Рипон, конечно, был прав. Оппозиция калькуттских деловых кругов основывалась не только на расовых предрассудках, но и на личном интересе: попросту говоря, такие люди, как Кесвик и Бренсон, привыкли пользоваться законом для того, чтобы проложить себе дорогу в сельскую местность, где производился джут, шелк, индиго и чай для их фирм. Но теперь, когда их оппозиция законопроекту Ильберта стала открытой, вице-король должен был думать не только о принципах. К сожалению, он положился на прецедент. Метнув снаряд в белое сообщество, Рипон почти сразу же уехал из Калькутты.
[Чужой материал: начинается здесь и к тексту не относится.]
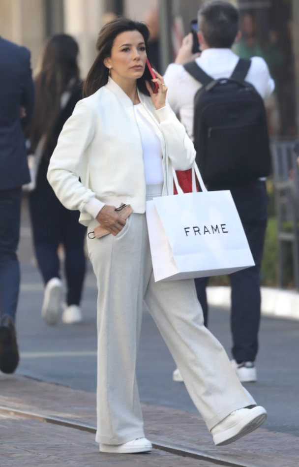Аутфитот што ја освежува секоја гардероба Ева Лонгорија е составен од бела јакна до половината под која носела снежно бела маичка. Спортските крем панталони на линијата одлично го надополнија стајлингот кој зрачи со спортска елеганција.
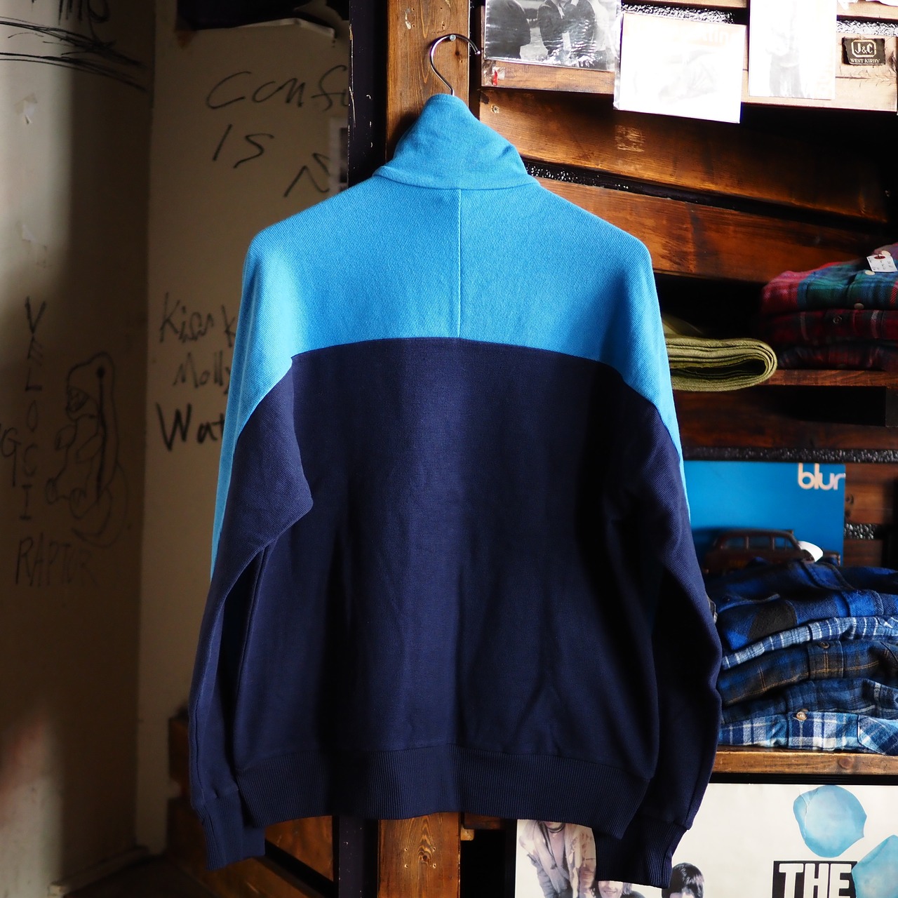 サックスブルー、ネイビー、ホワイトの定番カラーリング。シンプルなカラーリングですが、発色が古めかしく、ビンテージジャージらしい雰囲気です。

Приближалось лето, и ничто не могло нарушить заведенный порядок. Пришло время ежегодного путешествия в Симлу, и вице-король отправился в Симлу. Дельцы из калькуттских контор воспользовались его бегством. Бизнес шел внизу, на равнине, какой бы ни была температура. Зрелище того, как Рипон перебирается в Симлу, не могло утихомирить людей, подобных Кесвику.

На холмы, в Чапсли, свою элегантную резиденцию в Симле, отправился и автор билля, вызвавшего ожесточенные споры. Тактика Ильберта заключалась в том, чтобы переждать лето, “О… чувствах, которые вызвал билль, — писал он с тревогой своему оксфордскому наставнику Бенджамину Джоуэтту, — я не имел ни малейшего представления… и… конечно, не ожидал такой бури”. “Я сильно сожалею, — сказал он другому другу, — что эта мера обнаружила и усилила расовую враждебность”. Друг Ильберта, сэр Томас Фаррер из Совета по торговле, заверил его, что либералы на его стороне:

 

Борьба между жаждой власти, гордостью расы [и] жадностью торговца… с одной стороны и истинным самоуважением, человечностью, справедливостью к подчиненным, симпатией… с другой — это продолжающийся бой между ангелом и дьяволом… за души человеческие.

 

Законопроект Ильберта поляризовал не только индийское общество, но и английское. Для либералов вроде Фаррера это была борьба за нравственность. Просвещенных поклонников Нагорной проповеди, однако, в Калькутте оказалось меньше, чем в Клэпхеме. Углубляющийся кризис, вызванный законопроектом Ильберта, прекрасно проиллюстрировал опасности управления континентом с горы.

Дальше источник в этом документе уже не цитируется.